The problem stems from regulations passed over the past decade to protect borrowers from risky loans, which have had some unintended consequences.

“The new rules are written to take care of people who don’t have that kind of money,” said Brian Koss, executive vice president of Mortgage Network, a mortgage banker based in Danvers, Massachusetts. These new lending rules stem from legislation that came into force following the Great Recession and the subprime mortgage crisis.

Lawmakers wanted mortgage lenders to scrutinize applicants’ finances to make sure they had the ability to repay any loans they received. However, the side effect of this was that it suddenly became more difficult to qualify for a mortgage if you had a lower monthly income but a large number of assets to rely on.

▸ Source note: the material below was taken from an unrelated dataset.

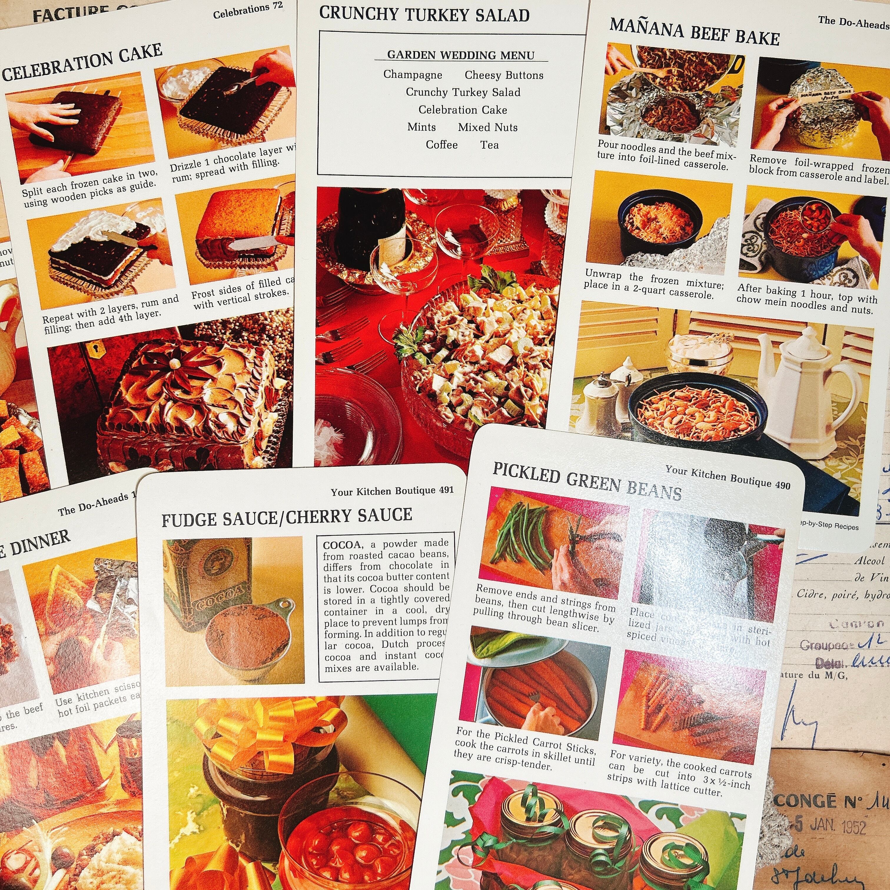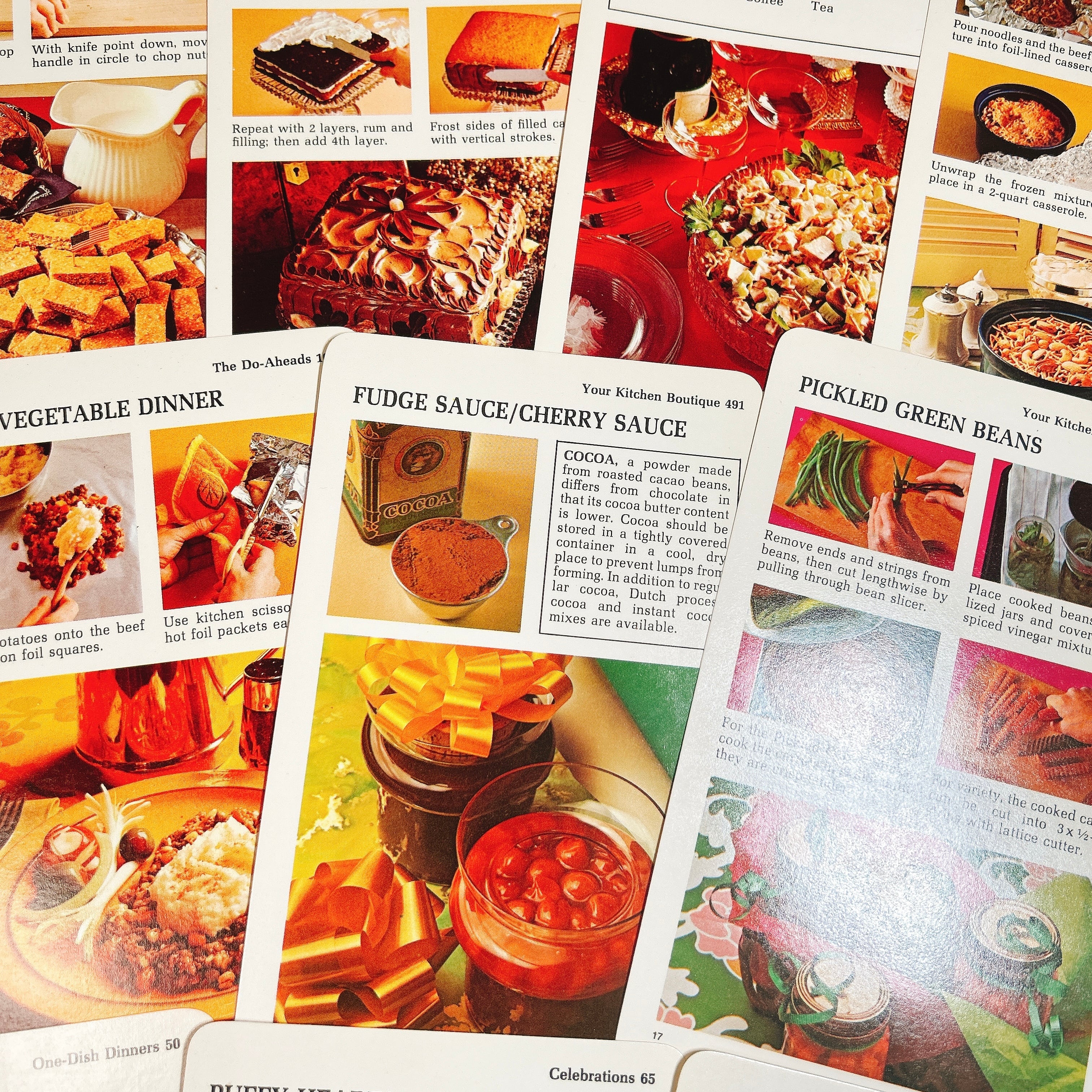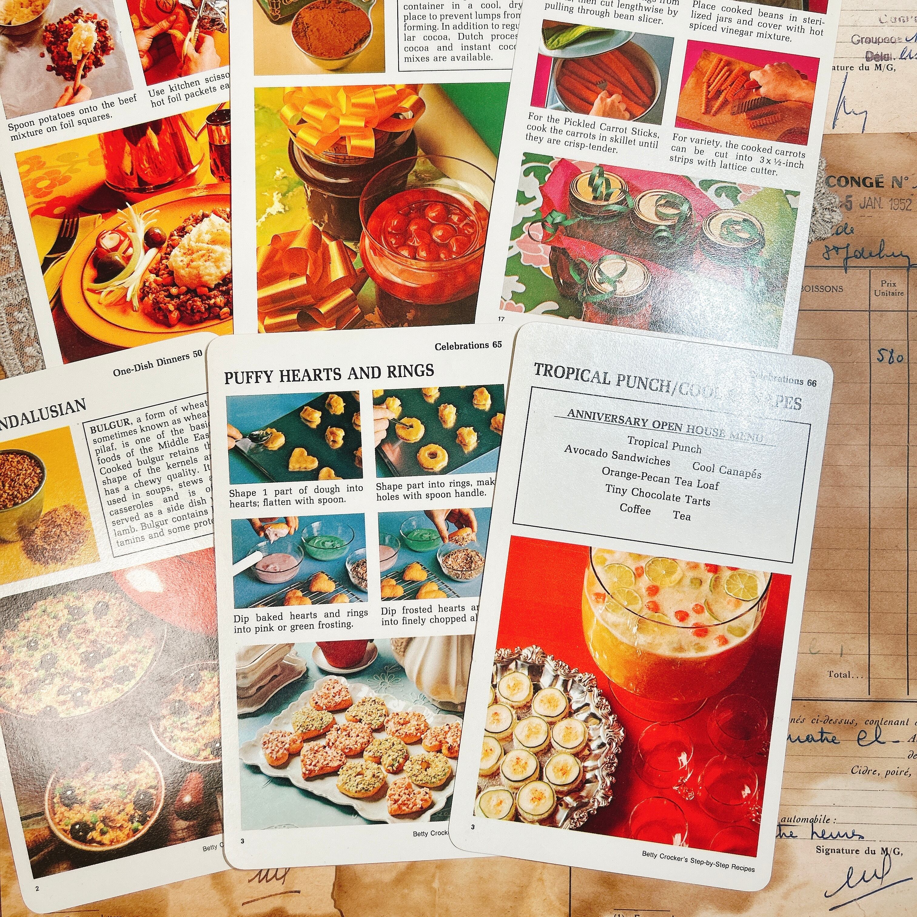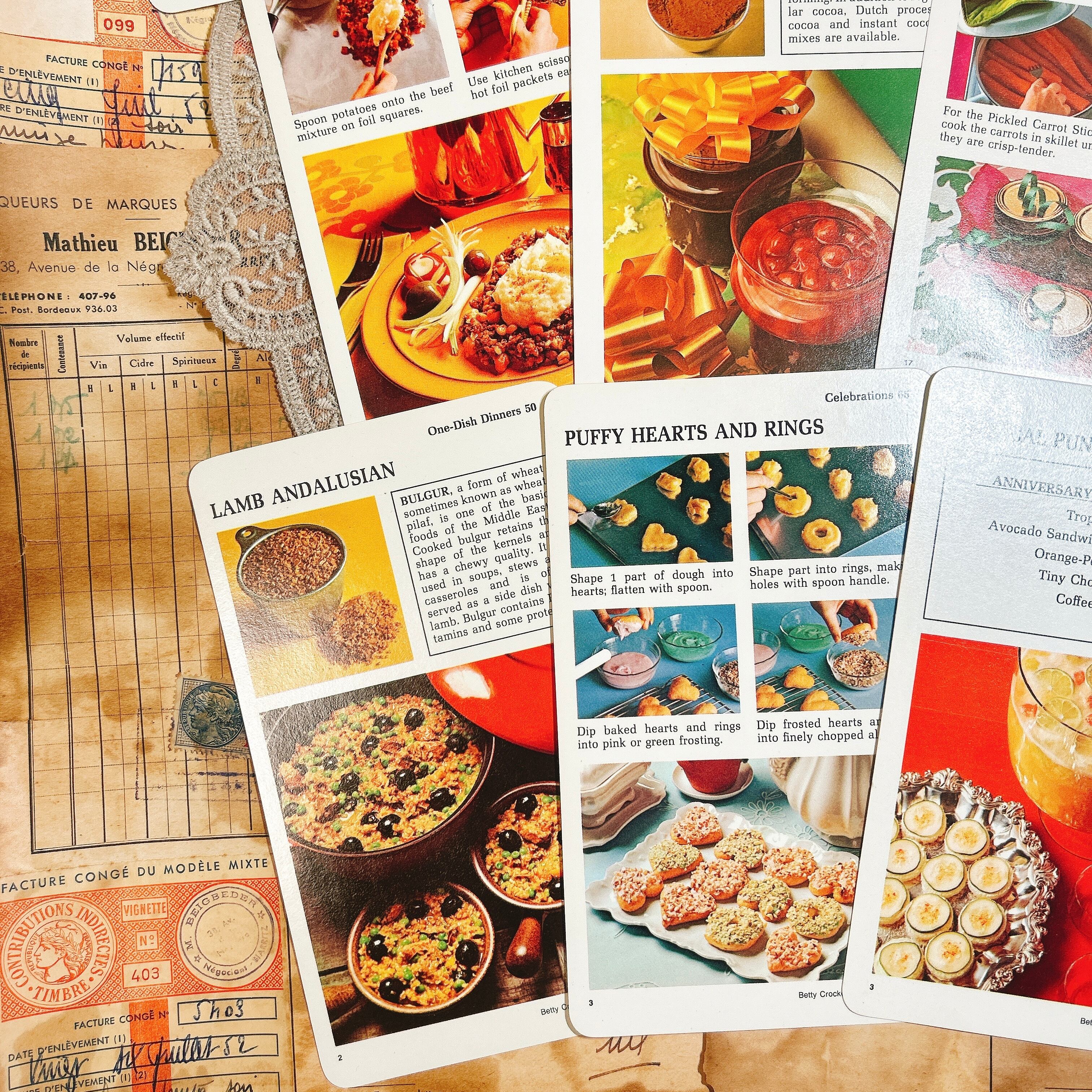 紙質はしっかりとした厚みがあり、レシピカードとしてはもちろん、コラージュやジャンクジャーナルの素材、スクラップブッキングのアクセントとしても活用できます。ヴィンテージキッチンのインテリアとして飾ったり、レトロなレシピを実際に作って楽しむのもおすすめです。

“This happens to a lot of older people in their 60s who have just retired,” Koss said. “They have no history of income, but they have assets between $ 3 million and $ 4 million. So they sell their home in Kansas and move to Hilton Head, and suddenly they don’t meet the requirements in the traditional sense. “

There are workarounds in situations like this that you should consider, according to Koss. First of all, look for so-called portfolio lenders – these are lenders who do not sell the rights to service their loans and do not keep loans in their books (in other words, in their portfolio). Because they plan to keep loans in their portfolio, they are not going to sell them to Fannie Mae
FNMA,
-1.17%

or Freddie Mac
FMCC, St.
-2.35%

Hence, these lenders don’t need to follow the same strict rules for loans sold to these mortgage giants, giving them more flexibility in situations like yours.

These will tend to be smaller or medium-sized lenders – small local banks or credit unions are good examples of the type of financial institution that can offer this flexibility, rather than the big banks or larger lenders that advertise during the Super Bowl. Specifically, ask around if someone makes an asset depletion loan. With these mortgages, they will view your liquid investment primarily as a source of income that you can use to make monthly payments over the 30 year loan term. This does not mean that you actually have to use this money, but it increases your chances of qualifying.


“The new rules are written to take care of people who don’t have that kind of money.”


– Brian Koss, Executive Vice President, Mortgage Network

Be aware that smaller lenders that don’t work with Fannie Mae and Freddie Mac may charge higher interest rates. And a loan like the one I just described might be too expensive for you given your monthly income.

Another problem you may face is that lenders are still very careful in light of the pandemic. Since the outbreak of COVID-19 and the associated economic crisis, lenders have seriously tightened their wallets to avoid taking on borrowers who could eventually be foreclosed. Mortgage Bankers’ Association data show that mortgage availability has fallen to its lowest level since 2014 last year after the outbreak of the pandemic, and has, in fact, remained at that level. In other words, banks are now taking the same approach as when the economy was emerging from the Great Recession.

If you ultimately can’t get a mortgage, it’s time to look in the shower. What are your goals and where does home ownership fit into them? You say you want to retire early – what are you applying for so early? At 45 or at 60? Depending on how soon you want to retire, you won’t have a lot of runway to recoup the money you spend on your investment in order to put it into a home.

Financial advisor Jordan Benold argues that you don’t have to treat a home as an investment, and other financial experts have told me the same thing in the past. “Of course he appreciates and you want it, but he won’t pay your bills after retirement,” Benold said. After all, everyone needs a roof over their heads; It is important to weigh whether a home is a commercial venture or a necessity.

Maybe home ownership really matters to you – but is it important enough to use up half of your savings in one fell swoop? If this is truly the goal you want to achieve, it may be best for you to leave the Bay Area, as many others have done. Just make sure that if you move, the move doesn’t hurt your ability to move up the career ladder. Because even if being in the Bay Area means you have to be a renter, it will be worth it in the long run.